Hayek predicted that normal market forces would apply to the goods we use to facilitate exchange (“currencies”) if only governments would get out of the way. In a free market for money he suggested that major financial institutions would sponsor competing currencies, probably defined by “baskets” of commodities. He speculates on how the market would maintain the value and stability of such currencies, far better than any political system of legal tender.

To some degree, this seems to be happening with cryptocurrencies.

And then along comes the 900 pound gorilla. Facebook, with two billion users, has decided to enter the cryptocurrency market with its Libra coin. Since the Libra would be usable as a currency on Facebook itself, the company probably has calculated that it will have a strong competitive advantage over any of the competing currencies.

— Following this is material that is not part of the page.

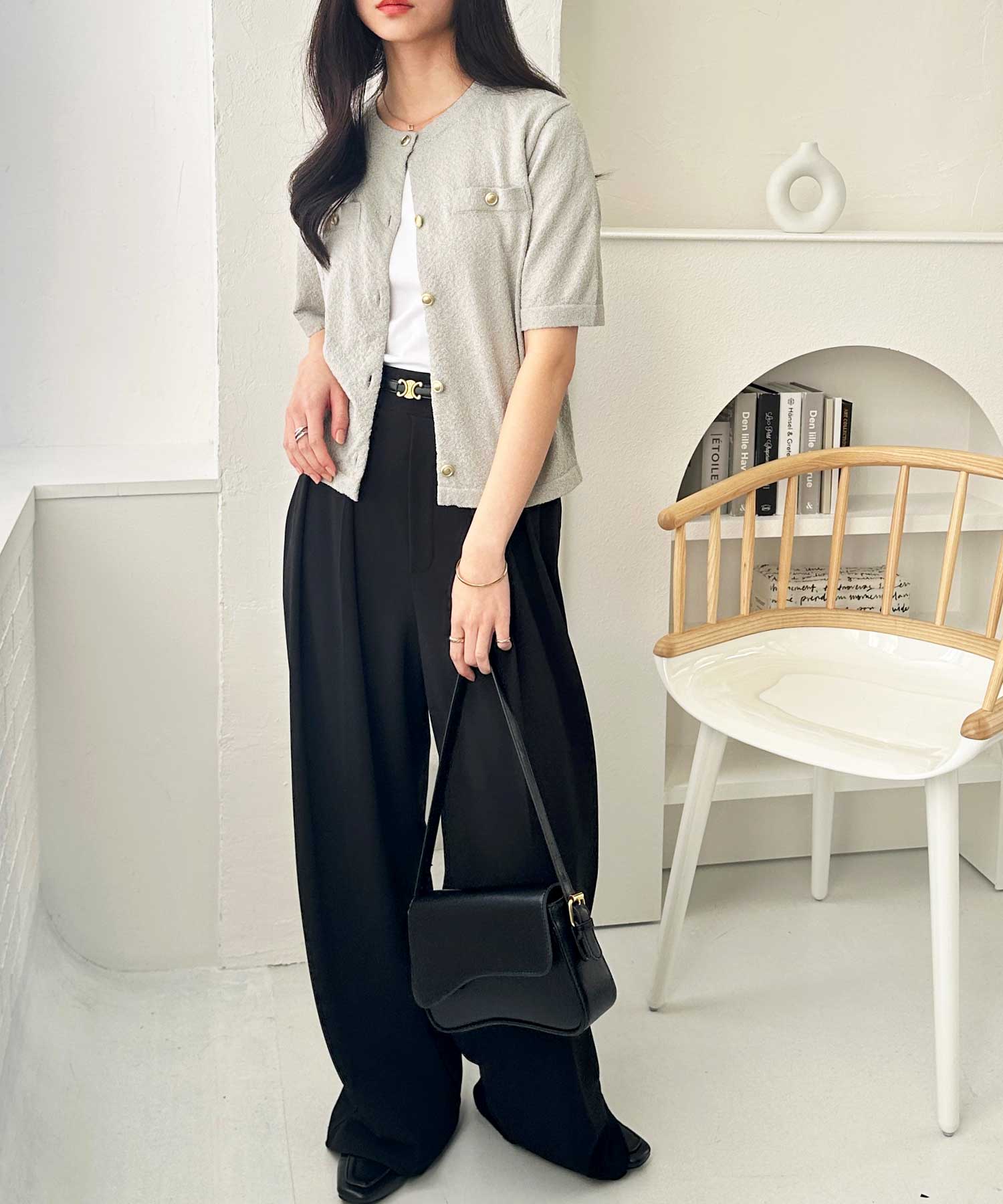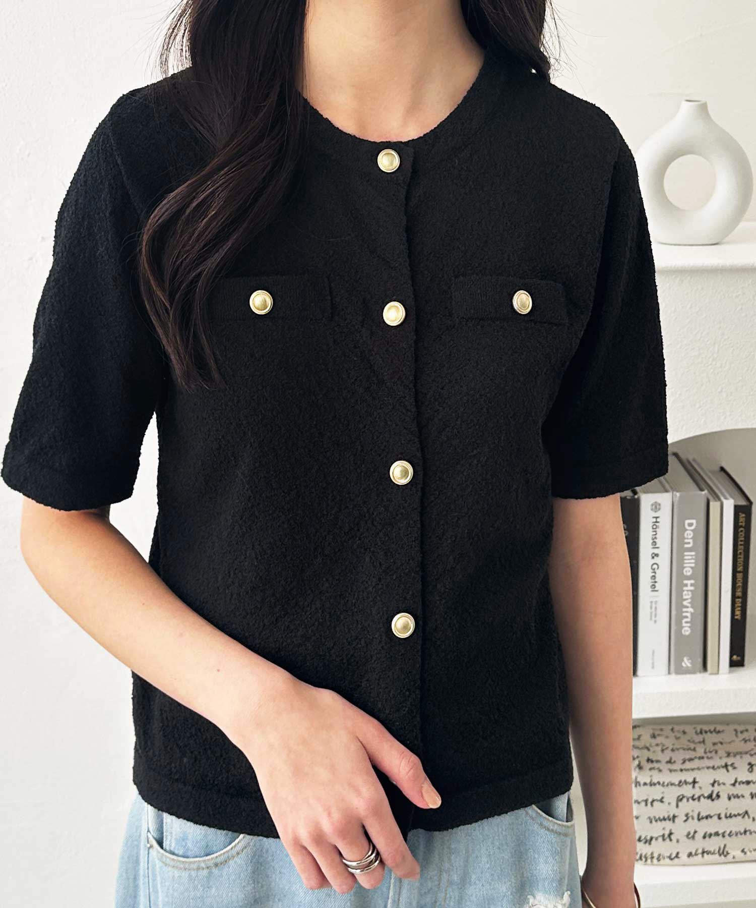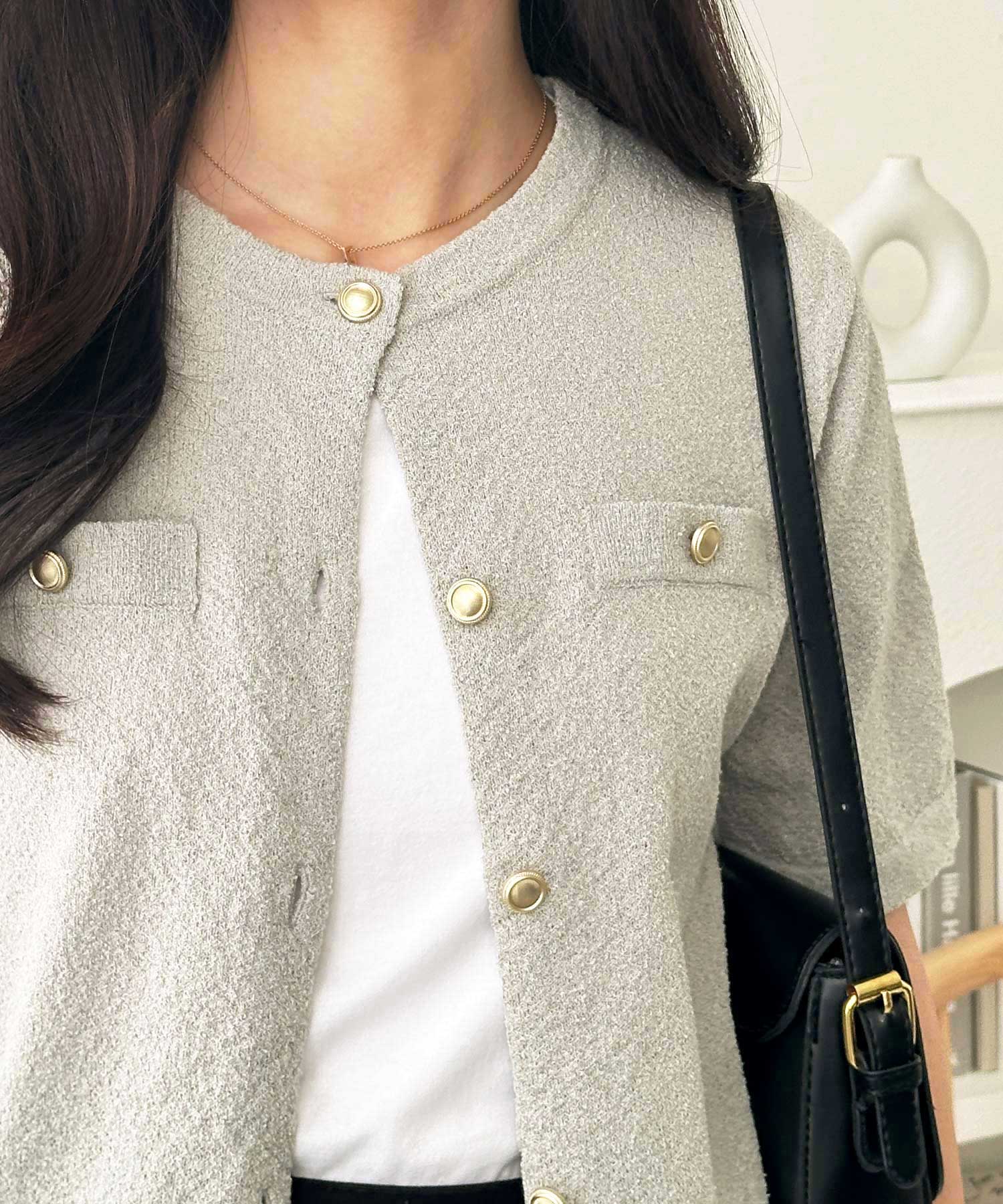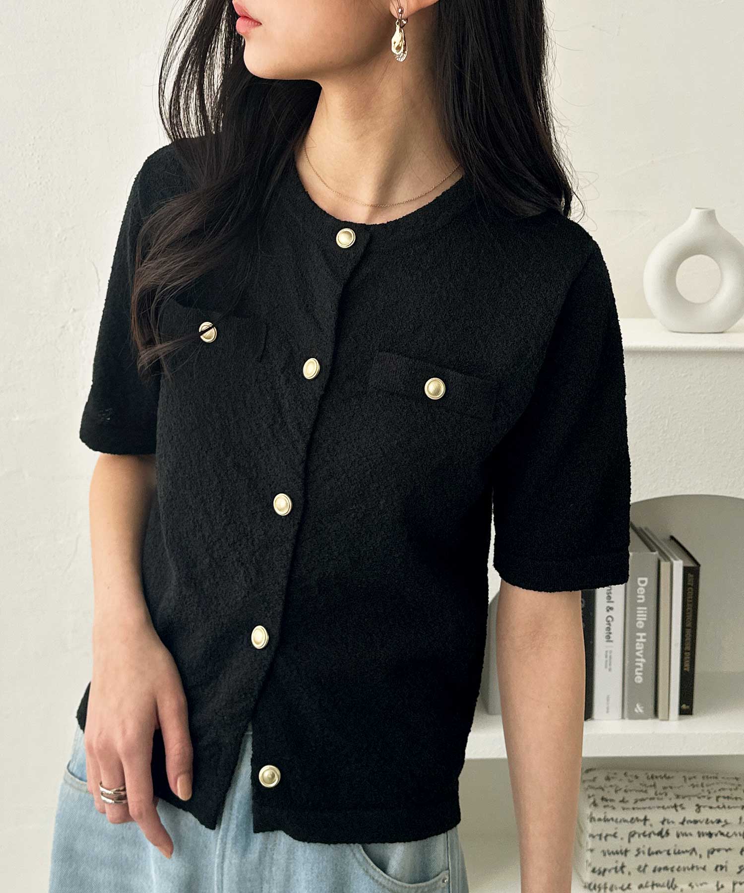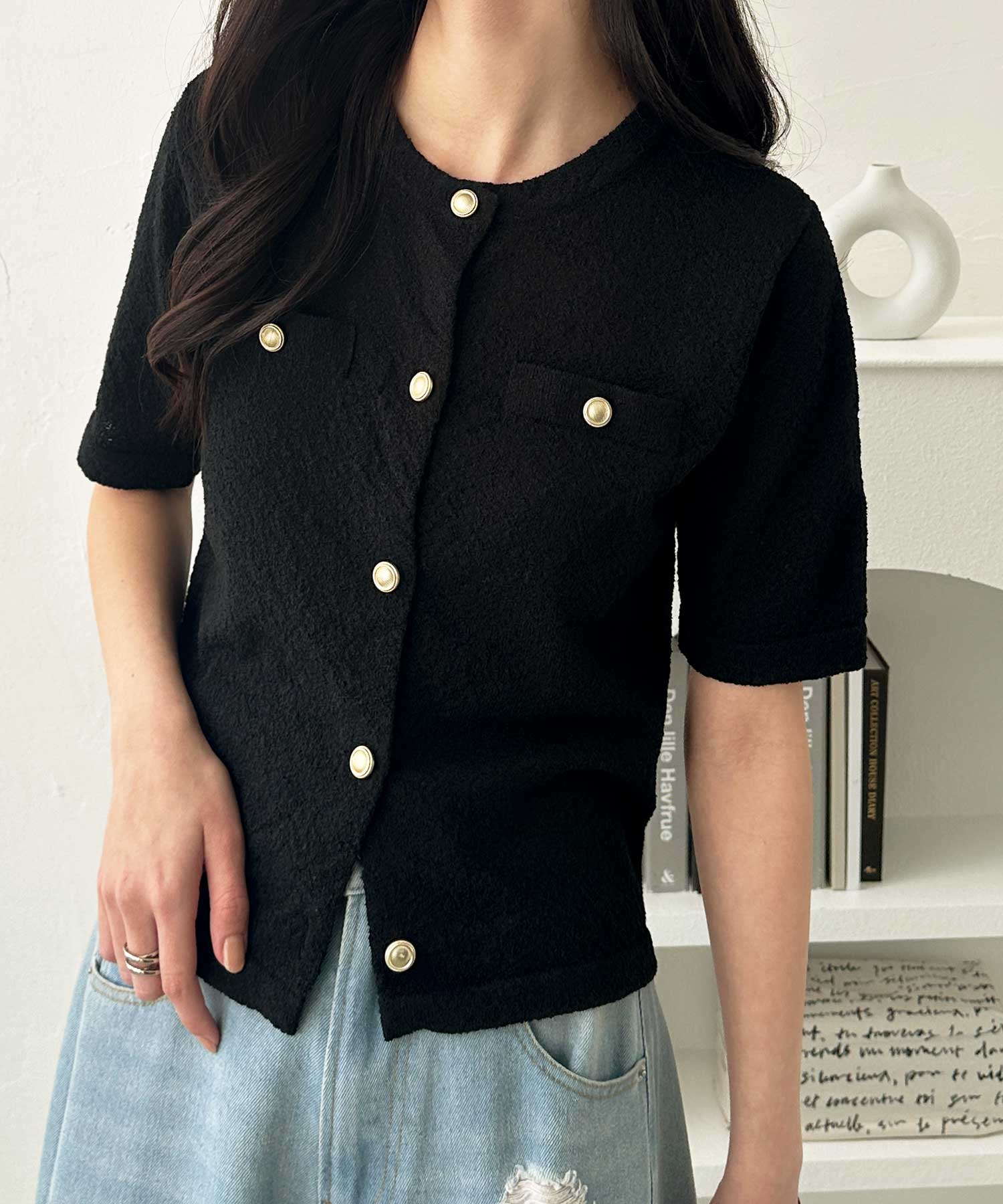 ゴールドボタンと胸のミニポケットがアクセント、羽織るだけでトラッドな印象にしてくれるサマーニットトップス。

Ah, but … and here is the rub, the Libra is not a naturally limited good, as Bitcoin is, but can be multiplied to infinity. It is not stabilized by reference to a basket of commodities as Hayek recommended. Rather, it will be defined by a changeable basket of fiat currencies!

That’s right. Facebook and Libra’s cooperating founding organizations (including PayPal, Visa, Uber …) hope to provide a stable cryptocurrency by tying it to a group of government currencies! According to Techcrunch:

A Libra is a unit of the Libra cryptocurrency that’s represented by a three wavy horizontal line unicode character like the dollar is represented by $. The value of a Libra is meant to stay largely stable, so it’s a good medium of exchange, as merchants can be confident they won’t be paid a Libra today that’s then worth less tomorrow. The Libra’s value is tied to a basket of bank deposits and short-term government securities for a slew of historically stable international currencies, including the dollar, pound, euro, Swiss franc and yen. The Libra Association maintains this basket of assets and can change the balance of its composition if necessary to offset major price fluctuations in any one foreign currency so that the value of a Libra stays consistent.

Well, that’s it. Zuckerberg is no Hayek. And the Libra is no Bitcoin.